(DESCRIPTION OF THE TASK): Using the data below, reproduce exactly the lines from the line with "朱志远系统阐释了全国大学生市" to the line with "2024 인기있는 남성용", both included; pictures must be dropped.

(GIVEN RECORDS):

★ ★ ★ ★ ★

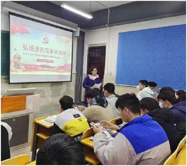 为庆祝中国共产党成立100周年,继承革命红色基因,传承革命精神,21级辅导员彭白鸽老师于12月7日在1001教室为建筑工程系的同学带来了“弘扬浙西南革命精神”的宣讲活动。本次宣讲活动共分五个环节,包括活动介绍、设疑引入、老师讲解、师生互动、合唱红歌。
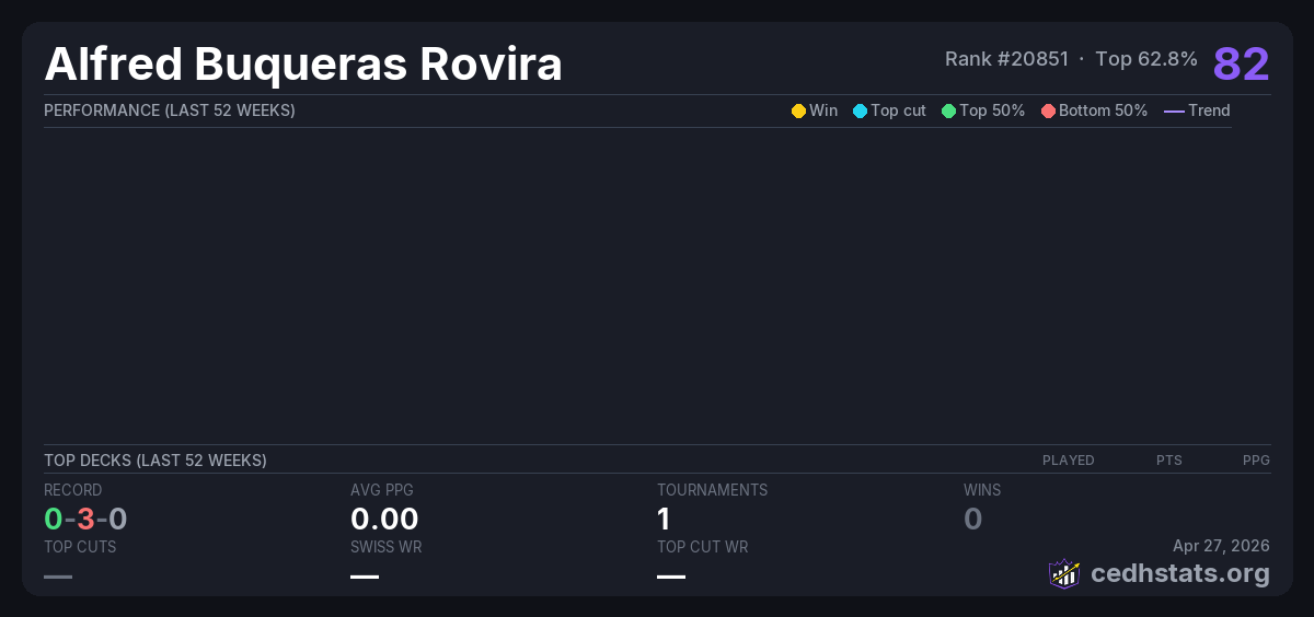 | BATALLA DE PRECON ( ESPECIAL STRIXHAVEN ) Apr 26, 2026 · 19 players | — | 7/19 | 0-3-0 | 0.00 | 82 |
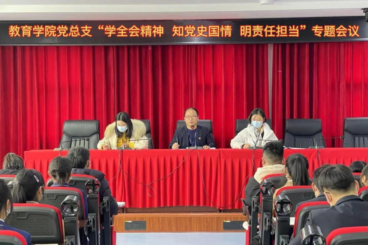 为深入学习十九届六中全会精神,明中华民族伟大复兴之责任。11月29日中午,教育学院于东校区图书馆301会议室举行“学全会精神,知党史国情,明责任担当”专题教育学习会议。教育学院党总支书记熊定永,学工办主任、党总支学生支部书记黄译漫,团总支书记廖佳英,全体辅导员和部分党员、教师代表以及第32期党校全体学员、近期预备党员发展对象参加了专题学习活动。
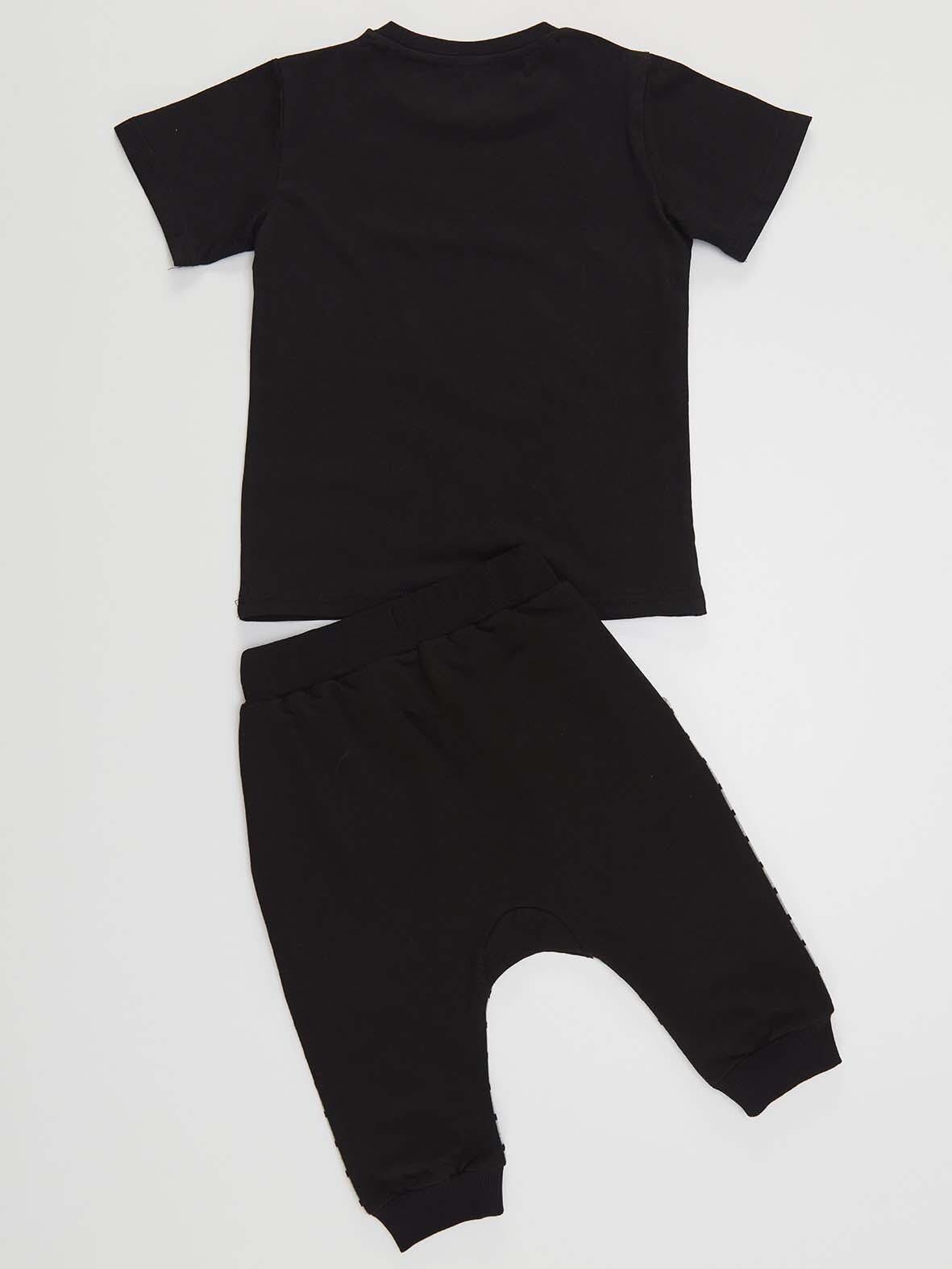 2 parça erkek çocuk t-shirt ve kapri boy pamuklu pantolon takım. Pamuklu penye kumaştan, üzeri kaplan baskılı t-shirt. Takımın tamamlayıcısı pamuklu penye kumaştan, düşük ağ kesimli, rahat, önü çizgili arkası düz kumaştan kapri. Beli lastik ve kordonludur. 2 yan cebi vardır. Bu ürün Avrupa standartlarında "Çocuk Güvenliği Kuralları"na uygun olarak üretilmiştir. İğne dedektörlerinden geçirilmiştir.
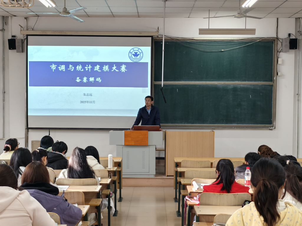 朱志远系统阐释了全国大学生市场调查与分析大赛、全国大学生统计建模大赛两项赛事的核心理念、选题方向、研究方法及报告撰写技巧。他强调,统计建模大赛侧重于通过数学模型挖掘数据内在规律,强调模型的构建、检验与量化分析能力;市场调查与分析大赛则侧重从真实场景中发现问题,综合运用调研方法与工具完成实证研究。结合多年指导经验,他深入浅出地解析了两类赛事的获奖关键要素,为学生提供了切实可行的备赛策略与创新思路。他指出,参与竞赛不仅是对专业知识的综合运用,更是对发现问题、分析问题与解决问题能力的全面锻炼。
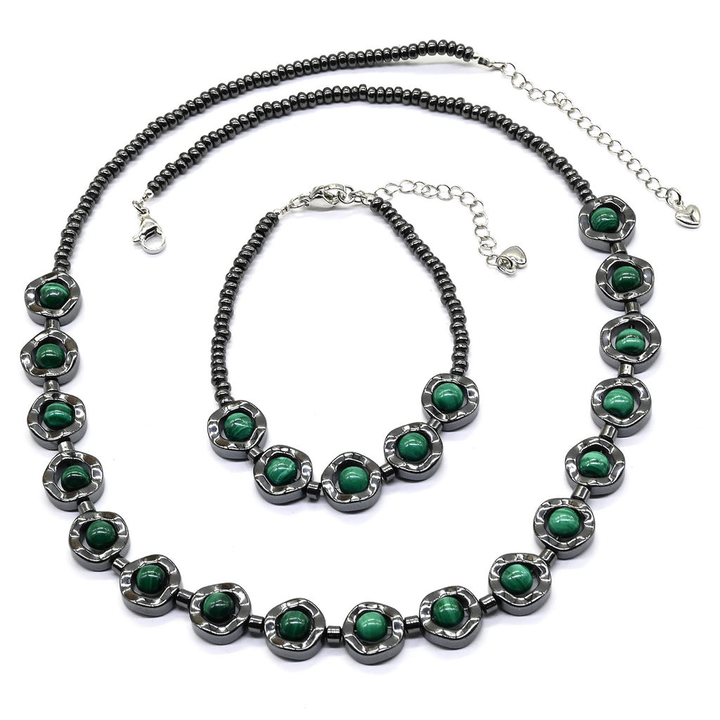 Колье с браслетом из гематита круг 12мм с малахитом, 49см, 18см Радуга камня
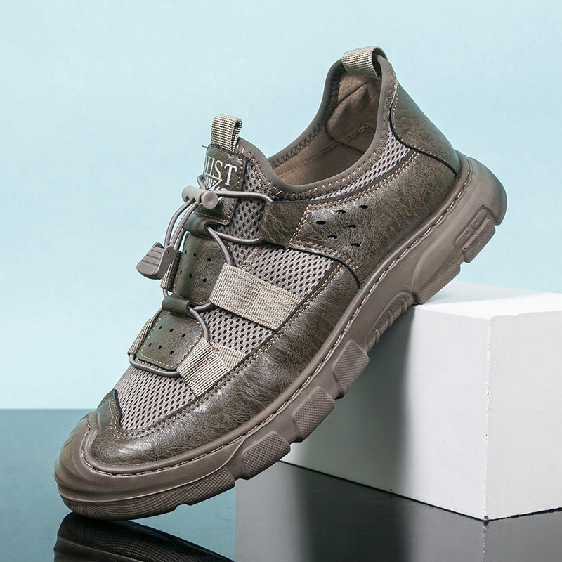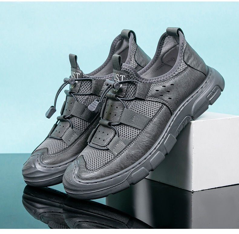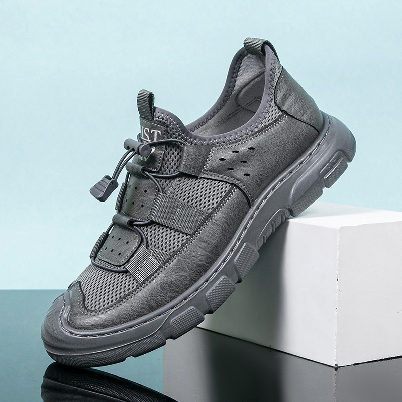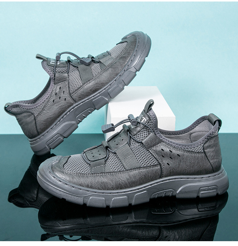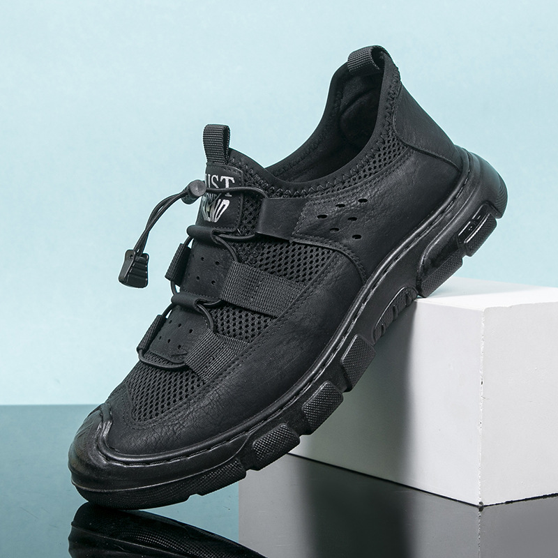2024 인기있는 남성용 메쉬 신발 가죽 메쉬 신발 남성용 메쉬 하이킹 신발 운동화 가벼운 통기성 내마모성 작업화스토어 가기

★ ★ ★ ★ ★

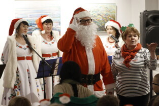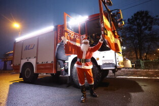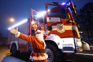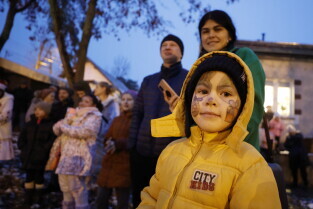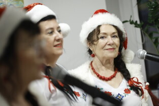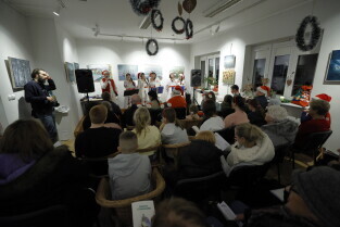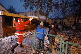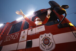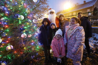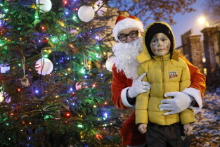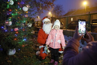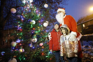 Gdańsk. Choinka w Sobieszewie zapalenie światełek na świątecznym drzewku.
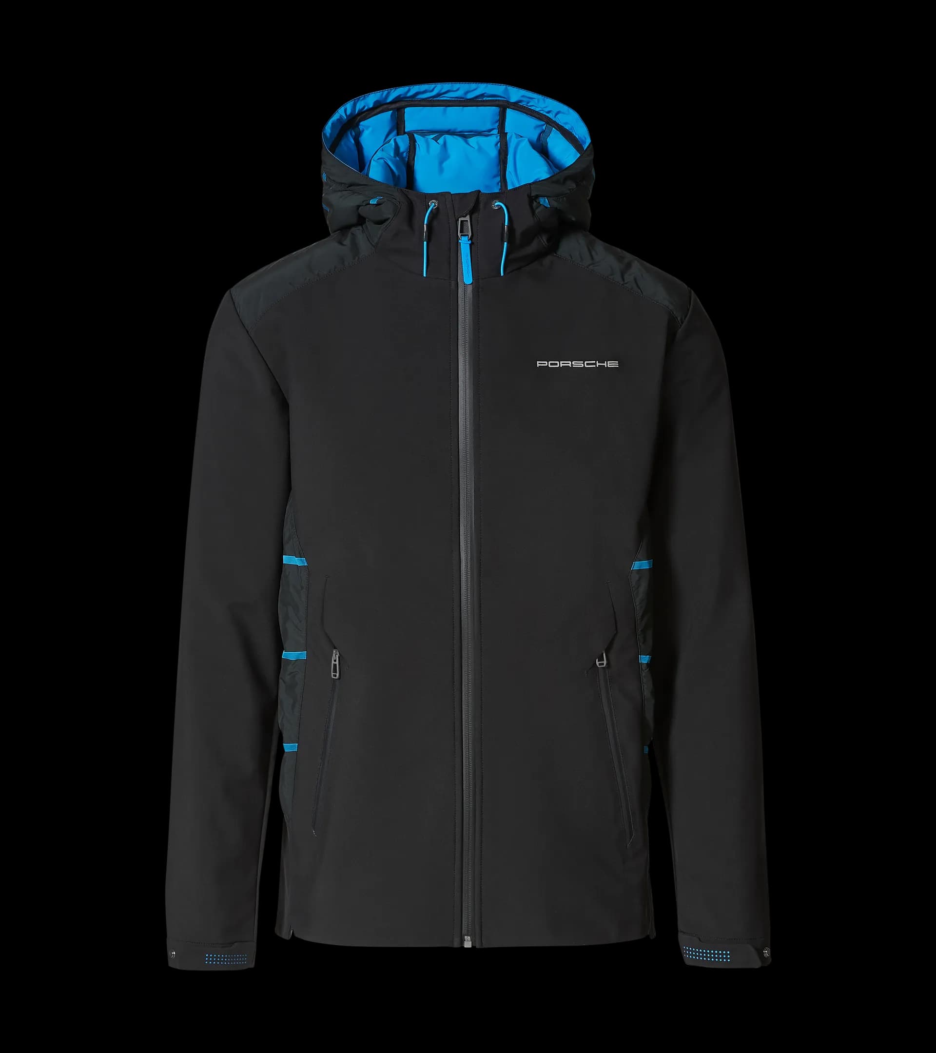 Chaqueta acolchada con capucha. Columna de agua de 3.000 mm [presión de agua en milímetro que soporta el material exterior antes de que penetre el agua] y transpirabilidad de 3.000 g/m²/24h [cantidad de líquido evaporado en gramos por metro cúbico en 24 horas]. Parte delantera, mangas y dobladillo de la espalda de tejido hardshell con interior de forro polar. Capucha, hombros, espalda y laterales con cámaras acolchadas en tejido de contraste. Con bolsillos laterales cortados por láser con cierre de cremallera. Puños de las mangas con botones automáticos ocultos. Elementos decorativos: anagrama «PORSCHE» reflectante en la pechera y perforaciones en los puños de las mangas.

★ ★ ★ ★ ★

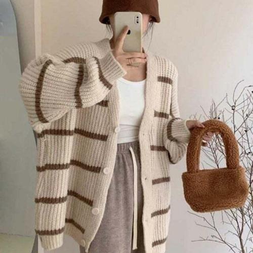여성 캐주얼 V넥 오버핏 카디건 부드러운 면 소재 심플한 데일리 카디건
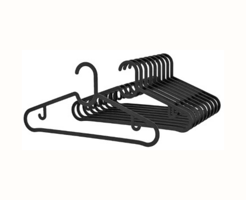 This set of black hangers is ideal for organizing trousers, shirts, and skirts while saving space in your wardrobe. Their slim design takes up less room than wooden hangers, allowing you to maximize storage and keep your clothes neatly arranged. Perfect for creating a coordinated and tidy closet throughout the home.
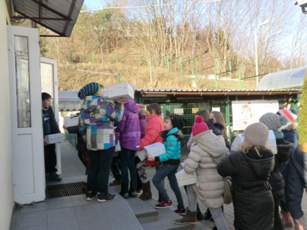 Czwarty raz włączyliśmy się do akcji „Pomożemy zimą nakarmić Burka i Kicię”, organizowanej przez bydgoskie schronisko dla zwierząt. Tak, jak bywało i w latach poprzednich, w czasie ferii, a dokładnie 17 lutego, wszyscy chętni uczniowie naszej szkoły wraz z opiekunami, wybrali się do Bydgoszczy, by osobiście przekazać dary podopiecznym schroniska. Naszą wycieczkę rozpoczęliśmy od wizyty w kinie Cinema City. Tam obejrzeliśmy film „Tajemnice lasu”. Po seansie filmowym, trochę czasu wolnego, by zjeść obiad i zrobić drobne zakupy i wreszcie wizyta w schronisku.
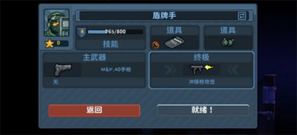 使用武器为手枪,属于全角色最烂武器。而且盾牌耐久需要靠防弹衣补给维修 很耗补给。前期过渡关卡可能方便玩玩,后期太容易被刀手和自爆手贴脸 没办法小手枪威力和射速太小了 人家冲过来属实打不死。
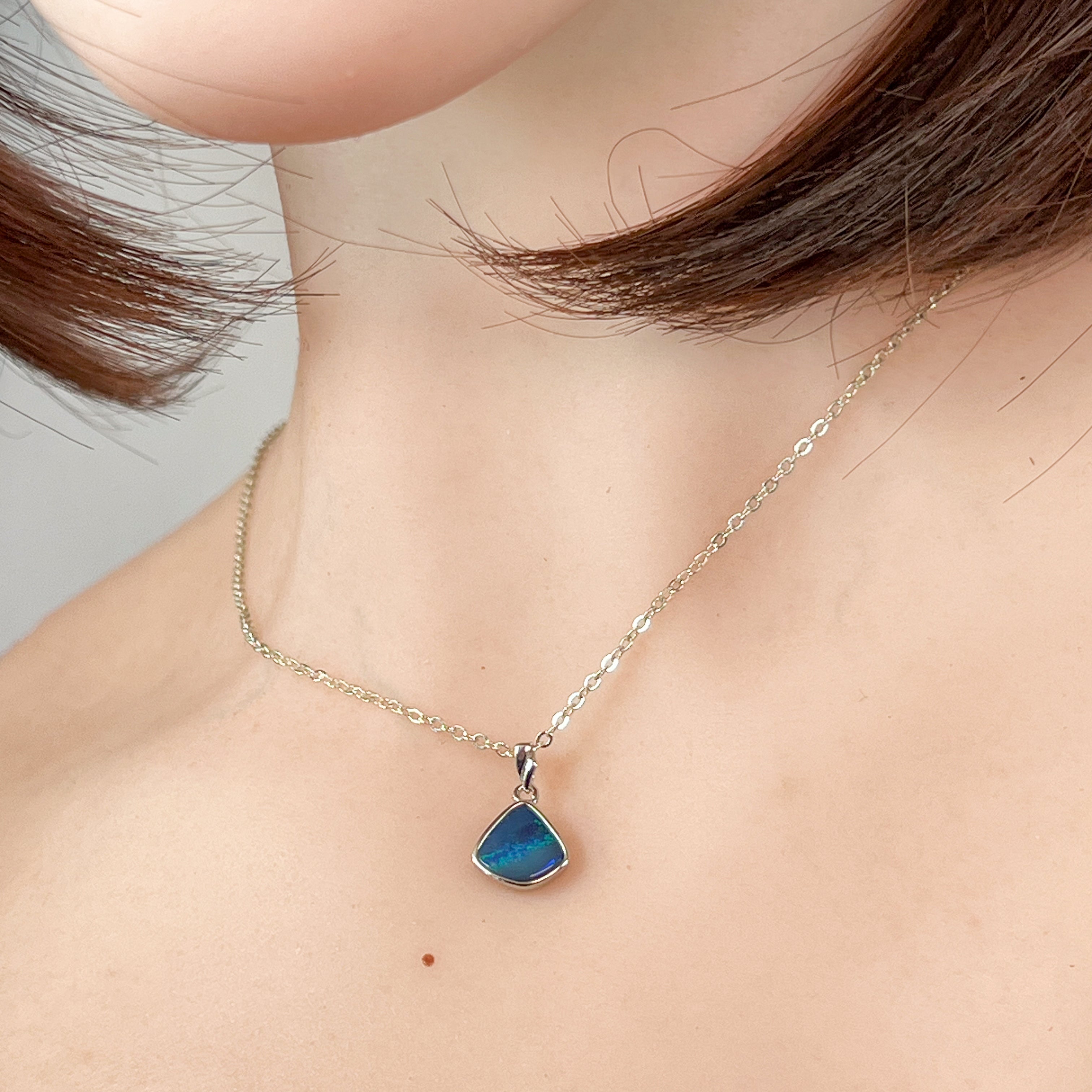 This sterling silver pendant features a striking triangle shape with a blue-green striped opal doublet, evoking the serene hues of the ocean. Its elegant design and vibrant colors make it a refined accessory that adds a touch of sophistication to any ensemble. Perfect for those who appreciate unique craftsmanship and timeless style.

★ ★ ★ ★ ★

(OUTPUT OF THE EXERCISE):
 朱志远系统阐释了全国大学生市场调查与分析大赛、全国大学生统计建模大赛两项赛事的核心理念、选题方向、研究方法及报告撰写技巧。他强调,统计建模大赛侧重于通过数学模型挖掘数据内在规律,强调模型的构建、检验与量化分析能力;市场调查与分析大赛则侧重从真实场景中发现问题,综合运用调研方法与工具完成实证研究。结合多年指导经验,他深入浅出地解析了两类赛事的获奖关键要素,为学生提供了切实可行的备赛策略与创新思路。他指出,参与竞赛不仅是对专业知识的综合运用,更是对发现问题、分析问题与解决问题能力的全面锻炼。
 Колье с браслетом из гематита круг 12мм с малахитом, 49см, 18см Радуга камня
2024 인기있는 남성용 메쉬 신발 가죽 메쉬 신발 남성용 메쉬 하이킹 신발 운동화 가벼운 통기성 내마모성 작업화스토어 가기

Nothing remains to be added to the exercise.